Director General and Inspector General of Karnataka Police
- In office July 1978 – May 2012

Personal details
- Born: Shankar Mahadev Bidari 27 August 1954 (age 71) Galagali, Bagalkot district, Karnataka, India
- Spouse: Dr. Umadevi
- Children: 2
- Occupation: Civil servant
- Website: www.shankarbidari.com

= Shankar Bidari =

Indian police chief

Shankar Mahadev Bidari is an Indian Police Service (IPS) officer, who was the Director General and Inspector General of Police (DGP) of the state of Karnataka.

An Indian Police Service officer of the 1978 cohort, he was the Police Commissioner of Bangalore. Bidari comes from Banahatti City in Bagalkot District, Karnataka. He was succeeded as DG & IGP by Abdul Rahman Infant in March 2012. The Karnataka High Court had held the Special Task Force under his command responsible for rape and torture of women. The Karnataka High Court dubbed him worse than Saddam Hussein or Gaddafi for his role as the leader of the Task Force that was responsible for fake encounters, gang-rapes and harassment of tribals.

==Family background==
Shankar Bidari's family has five civil servants from a single family. Bidari comes from a Lingayat family. Bidari's daughter Vijayalakshmi Bidari, IAS undertook the Civil Services Examination in 2001. Her husband Mallikarjuna Prasanna, an IPS officer is a DCP in Mumbai. His son Vijayendra Bidari, an IPS officer is the Deputy Joint Director of CBI of Delhi. His wife Rohini Bhajibhakare, IAS from Solapur is a probationer working as collector in Salem, Tamil Nadu. Shankar Bidari's wife Umadevi, a doctor, is the only non-IAS and non-IPS person in the family.

==Awards and honours==
- Karnataka Chief Minister’s Gold Medal in 1989
- Andhra Pradesh Mukyamantri Shourya Padakam in 1990.
- Karnataka Chief Minister’s Gold Medal for the 2nd time in 1991.
- The Police Medal for Gallantry in 1991.
- President’s Police Medal for Meritorious service in 1995.
- President’s Police Medal for Distinguished Service in 2003.
- First Bar to the Police Medal for Gallantry in 2011.
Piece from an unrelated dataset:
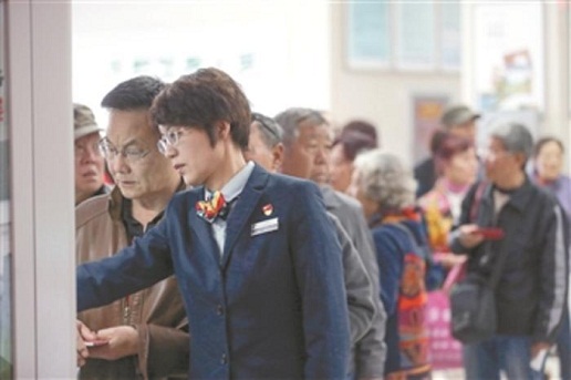 在自動(dòng)存取款機(jī)前,排了十多位老人,樊潔先讓在后面排隊(duì)的老人到休息區(qū)的椅子上休息一下,再一個(gè)個(gè)幫助存取錢的老人辦理業(yè)務(wù)。有的老人聽(tīng)不大清楚,她就湊近耳朵不厭其煩地一字一句地告訴他們,當(dāng)天上午,樊潔在自動(dòng)存取款機(jī)前站著忙活了兩個(gè)多小時(shí)?!皩?duì)我們營(yíng)業(yè)廳的工作人員來(lái)說(shuō),要求來(lái)有迎聲,問(wèn)有答聲,走有送聲,唱收唱付聲。只要用情用心服務(wù),就沒(méi)有辦不成的事?!彼f(shuō)這是東四郵局的傳統(tǒng)。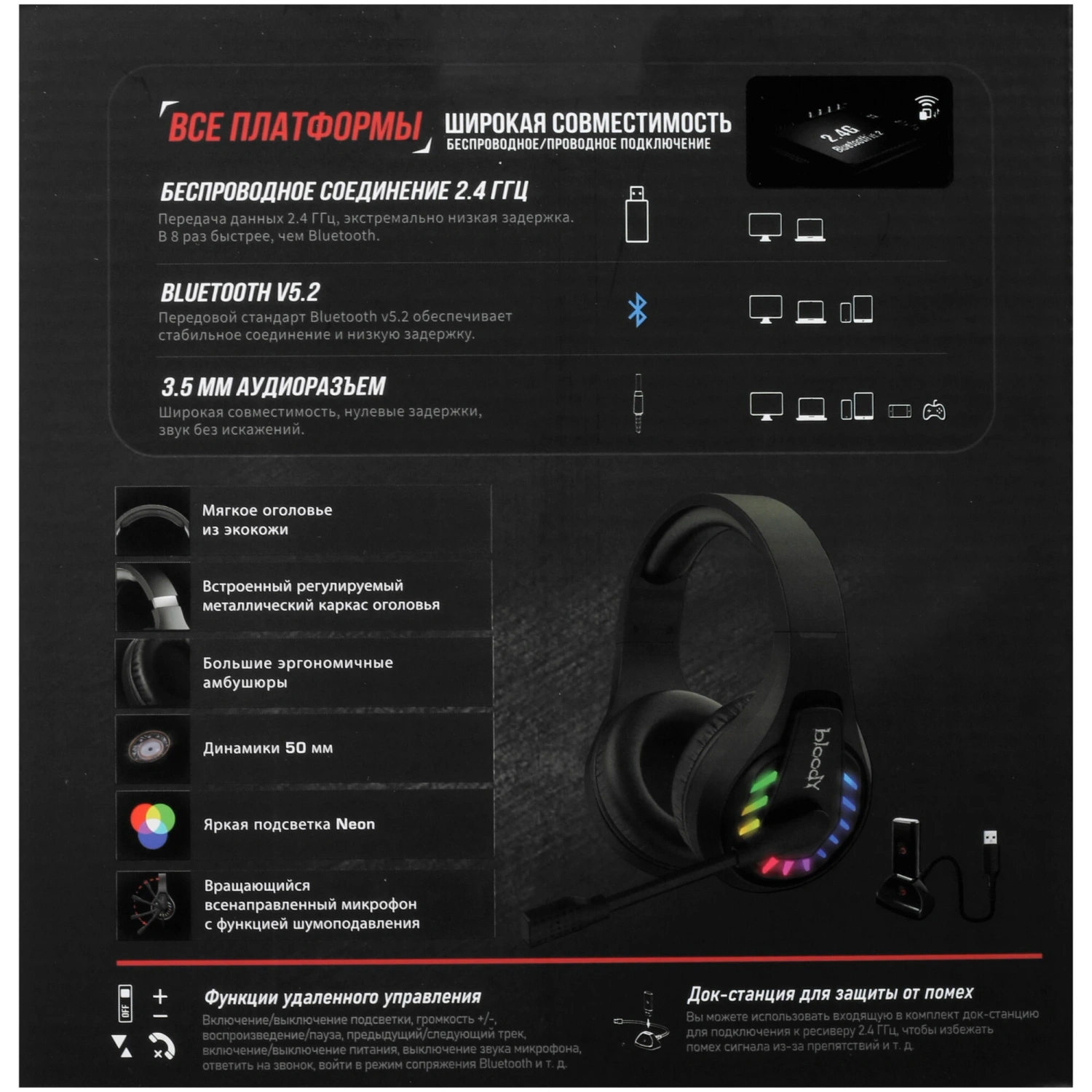 Откройте для себя мир качественного звука с наушниками A4Tech Bloody GR230! Эта универсальная модель поддерживает два типа подключения: беспроводное через Bluetooth 5.2 и проводное с помощью стандартного разъема 3.5 mm jack. Идеально подходит как для стационарных компьютеров, так и для мобильных устройств, наушники обеспечивают стабильную связь и минимальную задержку, что особенно важно для геймеров.

Institutions and associations have given him titles such as "Vishwashri", "Kayakashri", "Basawashri" award, carrying a cash component of Rs.5 Lakhs by Shree Murga Mutt, Chitradurga in the year 2012 in recognition of his service, "Tippu Sultan Award", "Sri Vishveshwaraiah Award", "Pride of Karnataka", "Shishunala Shariff Award", "Kumara Rama Award", "Karnatakashri Award", "Mallikarjun Mansoor Award", "Sangolli Rayanna award", "Dr. Ambedkar Award".

==Karnataka High Court Order set aside by the Supreme Court of India==
On 30 March 2012, the Karnataka High Court, in response to a petition filed by then most senior IPS officer of Karnataka DGP Abdul Rahman Infant challenging the appointment of Shankar Bidari as Karnataka Director General, struck down Bidari’s appointment. This appears related to Bidari's role as commandant of a Special Task Force to tackle Veerappan. The decision by the High Court for removal of Bidari was based on the decision taken by the Central Administrative Tribunal (CAT), Bangalore bench, on 16 March 2012, which quashed the appointment of Shankar M Bidari as DG&IGP of Karnataka. It then directed the Karnataka State Government to appoint Infant as DG&IGP of Karnataka on an ad hoc basis.

He referred an appeal to the Supreme Court which gave a judgement exonerating him of allegations, and held that the order of the High Court was not correct. He retired after 34 years of service, in May 2012.